Can Boston rebound after giving up a soul-crushing goal late in the 3rd period to lose Game 1? Can Vancouver deal with more injuries to their defensemen? Can Boston score a goal on their powerplay? Can the Sedin twins figure out a way to beat the Boston defense?
These are a few of the questions swirling in my mind as I wait for the second game of the Stanley Cup Finals to begin later today. But only one question has an answer that really matters: Who wins the game? Can the Bruins tie the series at one game apiece, or can the Canucks take a two-game lead as the series heads back to Boston? We will have to wait until about 10:30 Eastern Time to find out.
First, let's try to answer the first set of questions, which I think will be important keys to tonight's game. Can Boston win after losing a game, even one as disheartening as Game 1? I think they do have a chance.
The Bruins are an incredibly resilient team. The only time they lost more than one game in a row was during their series with the Montreal Canadiens. They lost Game 2 of that series after losing Game 1. But since that mini-losing streak, Boston is 4-0 when playing after losing the previous game. That includes an impressive 3-0 in their series against the Tampa Bay Lightning.
But there is one caveat with that statistic. In the Bruins' losses, the tempo of the game was dictated to them. Consider the losses against Tampa Bay. Each of those games was an offensive shootout. In all three of those games, Tampa scored five goals. Each time, Boston came out in the next game and dominated.
In Game 2, after a 5-2 Game 1 loss, Boston was able to break out offensively in the second period, including scoring twice on the powerplay, to win 6-5. In Game 5, after a 5-3 Game 4 loss, Boston came out and played their defensive "Bruins' style" hockey and shut down the Lightning, winning 3-1. Then, after losing 5-4 in Game 6, Boston completely dominated the style of Game 7. They played incredible defense and won 1-0.

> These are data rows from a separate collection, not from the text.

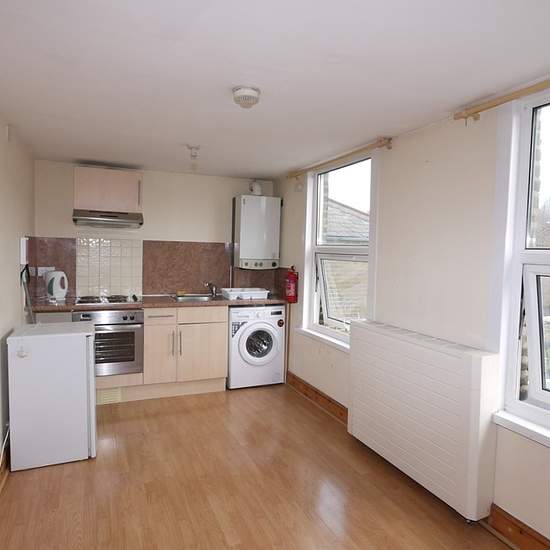 A well-maintained studio, part of a house conversion, offers a perfect blend of contemporary features and practical design, ideal for a single person. Upon entering, you are greeted by a bright and inviting living area, characterised by stylish laminate flooring that extends seamlessly throughout the entire studio, creating a cohesive and easy-to-maintain environment. The compact yet intelligently designed layout maximises every inch, ensuring a functional and comfortable home. The fitted kitchen, though modest in size, is remarkably efficie...
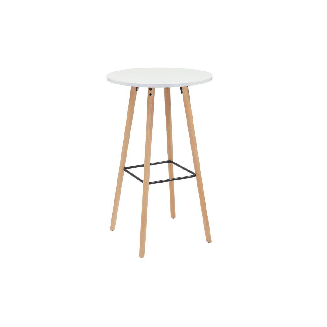 Elevate your dining or bar space with this minimalist white bar table, designed for both style and practicality. The robust MDF top provides a clean, durable surface, while the natural beech wood legs add a touch of warmth and sophistication.
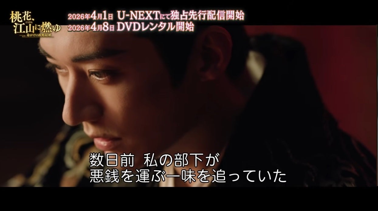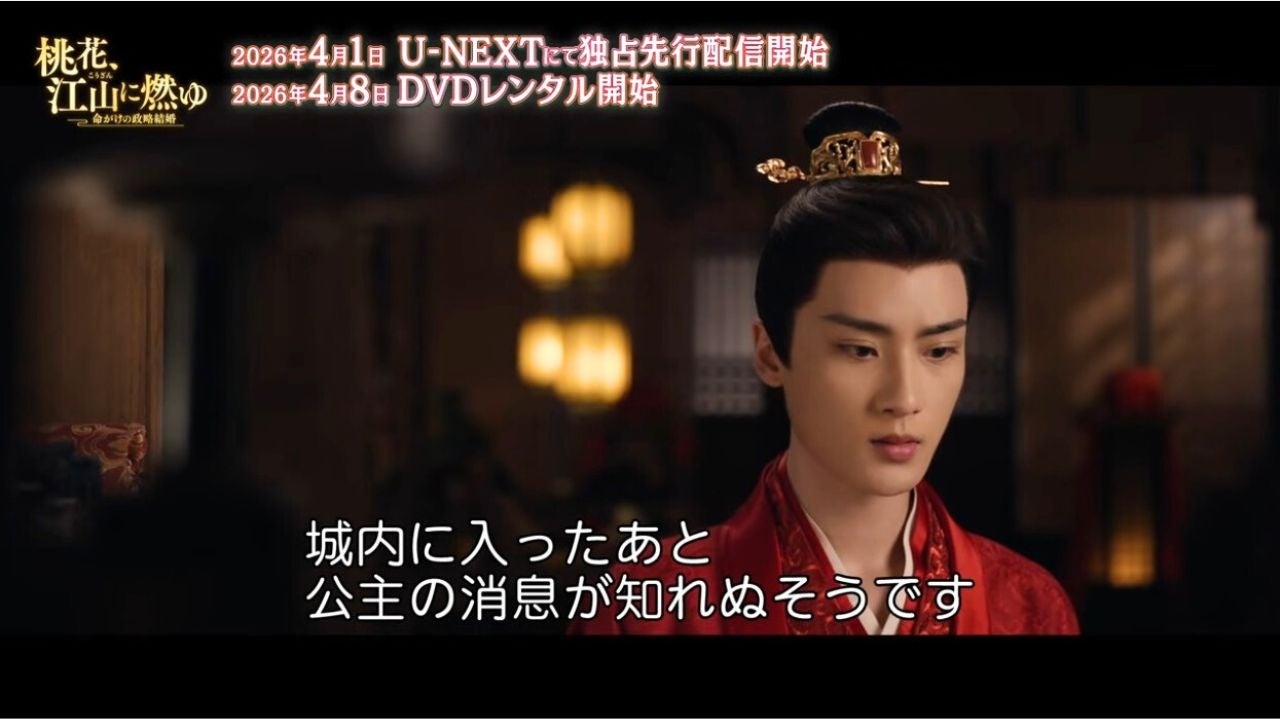 「花間令<かかんれい>~Lost in Love~」リウ・シュエイー×「花令嬢の華麗なる計画」モン・ズーイー 豪華共演、「晩媚と影~紅きロマンス~」の名匠イー・ジュン監督が放つ、愛と復讐が交錯するエモーショナル・ロマンス時代劇「桃花、江山(こうざん)に燃ゆ~命がけの政略結婚~」が、NBCユニバーサル・エンターテイメントの配給により、本日4月1日(水)よりU-NEXTにて独占先行配信開始、4月8日(水)よりDVDレンタル開始いたします。

But Game 1 against the Canucks was different. This was not a game that the Canucks were able to run away with. It wasn't an offensive game that the Bruins generally have trouble with. It was actually a game that the Bruins were able to control during certain stretches. The 1-0 score could just as easily come out in favor of the Bruins.
Because the first game was so close, and that it came down to just one mistake by the Bruins, the mindset for Boston is that if they play that way again, just without those mistakes, they can win. But that means they need to play near perfectly. Maybe the Bruins' can play perfect hockey for a game or two, but not for the whole series.
Next question: How do the Canucks deal with their defensive injuries? The answer is quick and easy: They don't even sweat about it.
The Canucks have faced injuries to their defensemen many times during the regular season and the playoffs. Recently, they went significant time without Christian Ehrhoff against the Sharks. According to NHL.com, Allain Vigneault has had 24 different combinations of defensive pairings during the season. Vancouver is used to juggling defensemen. They won't have many problems doing it in the final.
The Boston powerplay has been a huge question mark for the Bruins all through the playoffs. Right now, they are scoring goals only 7.5 percent of the time that they get a man advantage; that is just terrible. They need to make some changes, including putting Zdeno Chara, the man with the hardest shot in the league, back at the point.
To put it simply, I don't think that the Bruins can make the changes necessary to fix their powerplay. This is a huge disadvantage for them heading into Game 2.
In the Nashville series, Daniel and Henrik Sedin were contained by Pekka Rinne, Shea Weber and Ryan Suter. It looked like the twins would continue struggling in the playoffs when, after two periods against San Jose, they were held scoreless.
Over the next thirteen periods, the Twins combined for three goals and 15 assists. In Game 1 against Boston, the Sedins were held scoreless, largely because they spent much of their time on the ice against the Bruins' top defensive pair of Chara and Dennis Seidenberg.
The Sedins have to be able to get on the ice without having to go against Chara and Seidenberg. If they can get significant ice time against Kaberle, Ference, Boychuck or McQuaid, they should be able to find the space necessary to cycle the puck, create space on the ice, make the beautiful passes that everyone knows they are capable of and score goals.
If Daniel and Henrik are able to do this, if they are able to score, look for Game 2, and the rest of the series, to be dominated by the Canucks. If not, look for more grinding defensive games between Vancouver and Boston.
Ultimately, I think the scoring of the Sedins is a key for Vancouver. When they score, Vancouver is clearly the best team in the NHL. The best example of this was Vancouver's five-game decimation of the Sharks.
When the Twins fail to get on the score sheet, Vancouver has much more trouble controlling the game, scoring goals and winning series. But I do think that the Sedins are going to be able to break out in Game 2. Coach Vigneault will be able to get them on the ice against the lesser defensive players of the Bruins.
This, combined with the continuation of Vancouver's stellar defensive play and Luongo's solid goaltending, give the Canucks the edge in the game and the rest of the series. I predict a 4-2 victory for Vancouver tonight.